**Task to complete**
Omit the images, then repeat the listing exactly.

**Raw data**

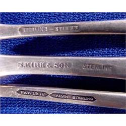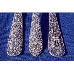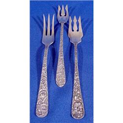 Three (3) Serving Forks; All in Repousse type patterns, all sterling including "S. Kirk & Son", "Alvin" and "Stieff", 5 - 6" l. Est. $100 - $200.
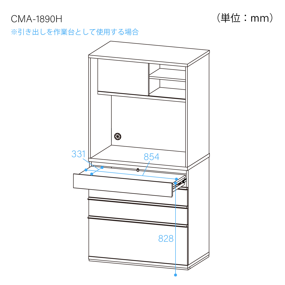 作業台は、引き出しとのリバーシブル。調理の盛り付け作業や調理中の食材置き場として使えるスライド作業棚としても使用でき、反転させると引出としてもお使いいただけます。
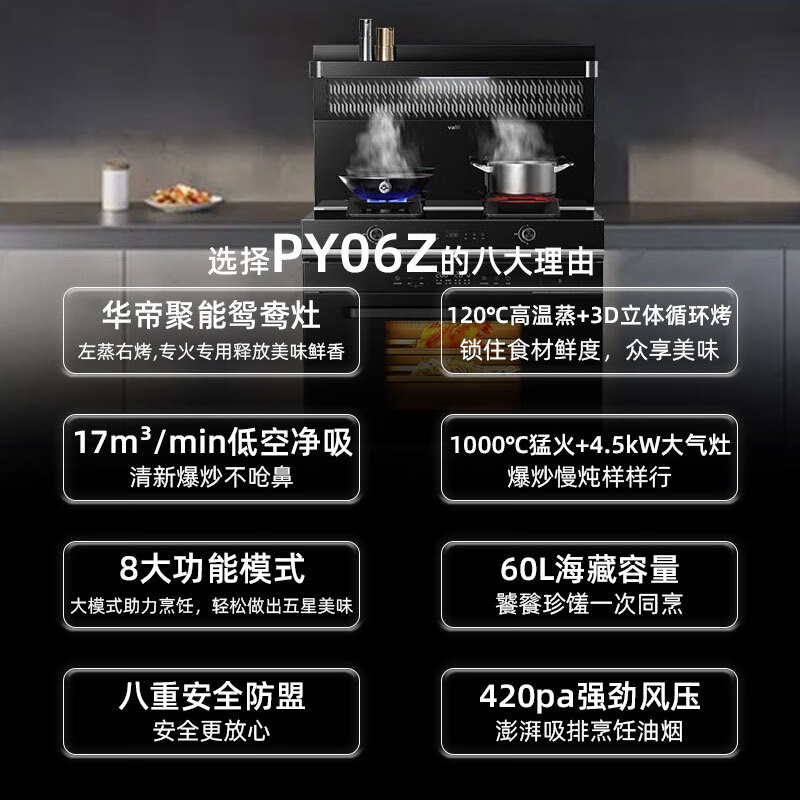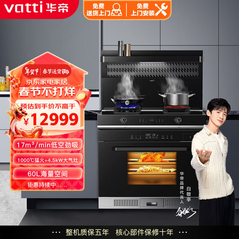 华帝(VATTI)集成灶蒸烤一体 集成一体灶 17m3/min超大吸力 4.5kW+3.5kW鸳鸯灶 烟灶套装 PY06Z天然气价格:12999.00元!

**Task result**
 Three (3) Serving Forks; All in Repousse type patterns, all sterling including "S. Kirk & Son", "Alvin" and "Stieff", 5 - 6" l. Est. $100 - $200.
 作業台は、引き出しとのリバーシブル。調理の盛り付け作業や調理中の食材置き場として使えるスライド作業棚としても使用でき、反転させると引出としてもお使いいただけます。
 华帝(VATTI)集成灶蒸烤一体 集成一体灶 17m3/min超大吸力 4.5kW+3.5kW鸳鸯灶 烟灶套装 PY06Z天然气价格:12999.00元!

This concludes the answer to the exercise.